» Input records
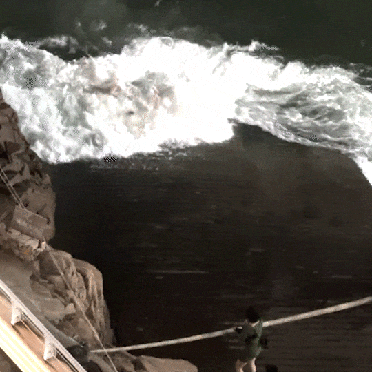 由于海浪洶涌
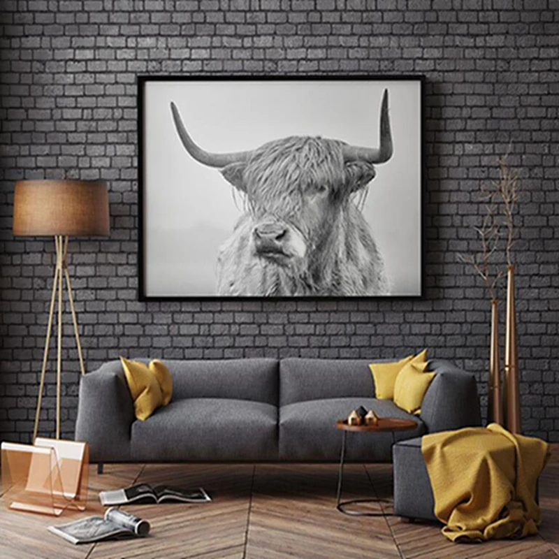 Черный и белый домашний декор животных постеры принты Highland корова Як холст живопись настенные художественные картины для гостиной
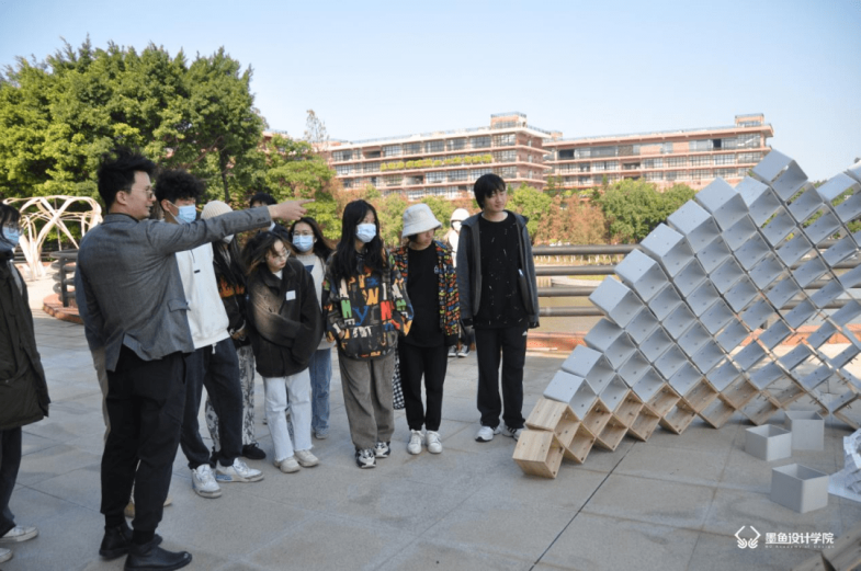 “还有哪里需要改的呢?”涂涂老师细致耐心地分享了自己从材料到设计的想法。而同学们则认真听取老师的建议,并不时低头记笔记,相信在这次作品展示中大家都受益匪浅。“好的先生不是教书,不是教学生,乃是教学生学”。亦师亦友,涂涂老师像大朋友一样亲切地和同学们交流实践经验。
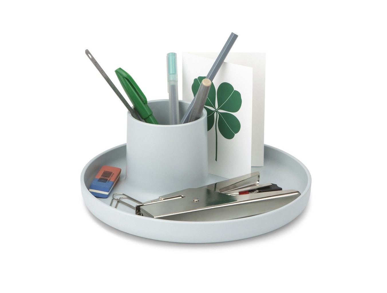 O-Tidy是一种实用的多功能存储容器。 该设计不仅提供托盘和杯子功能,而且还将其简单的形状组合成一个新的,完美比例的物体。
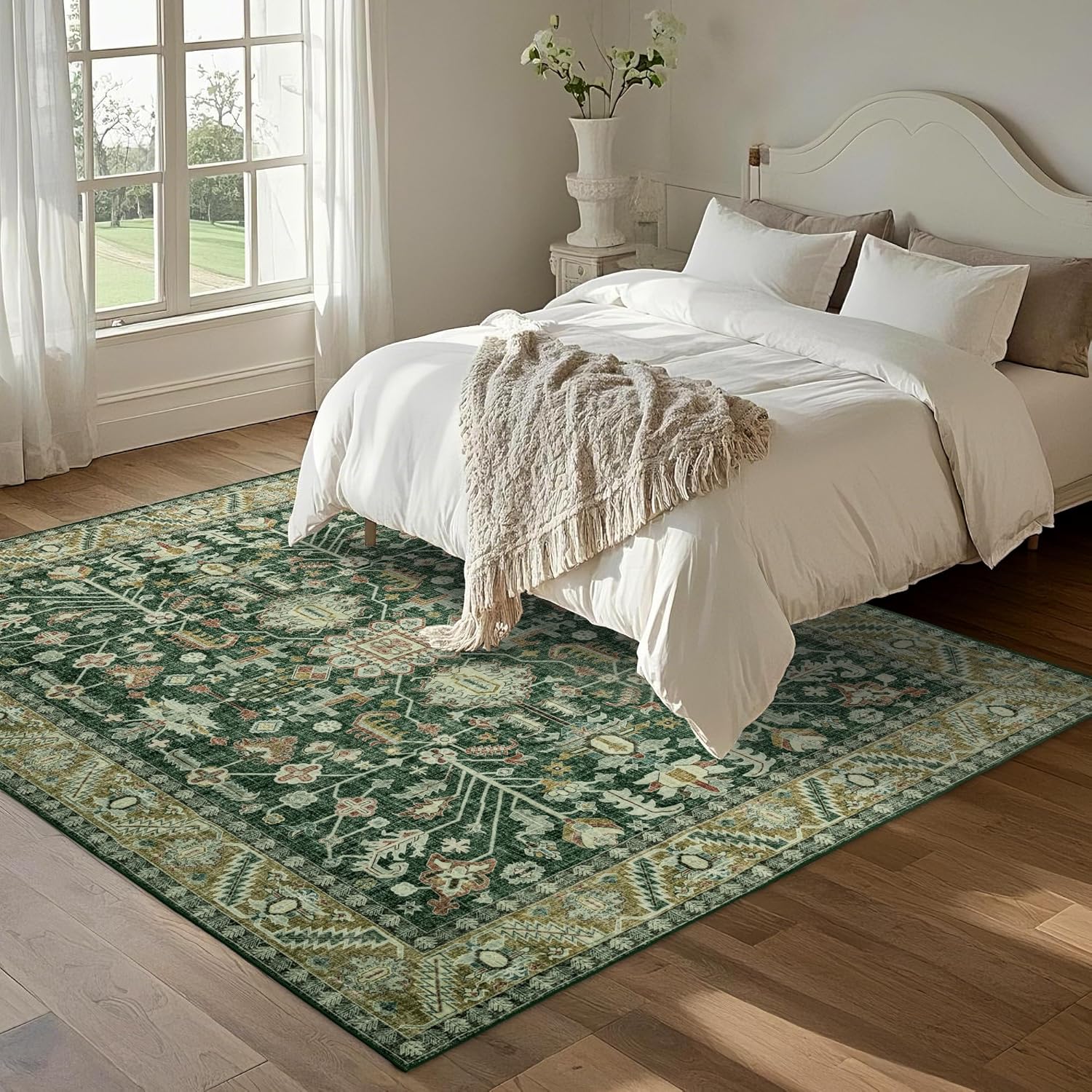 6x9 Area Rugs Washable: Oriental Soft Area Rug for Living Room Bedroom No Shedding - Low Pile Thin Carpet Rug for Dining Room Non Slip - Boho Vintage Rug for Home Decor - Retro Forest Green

» Required work
Starting with the line that contains "O-Tidy是一种实用的多功" and ending with the last line of the data above, transcribe exactly those lines and no others, without pictures.

» Answer space
 O-Tidy是一种实用的多功能存储容器。 该设计不仅提供托盘和杯子功能,而且还将其简单的形状组合成一个新的,完美比例的物体。
 6x9 Area Rugs Washable: Oriental Soft Area Rug for Living Room Bedroom No Shedding - Low Pile Thin Carpet Rug for Dining Room Non Slip - Boho Vintage Rug for Home Decor - Retro Forest Green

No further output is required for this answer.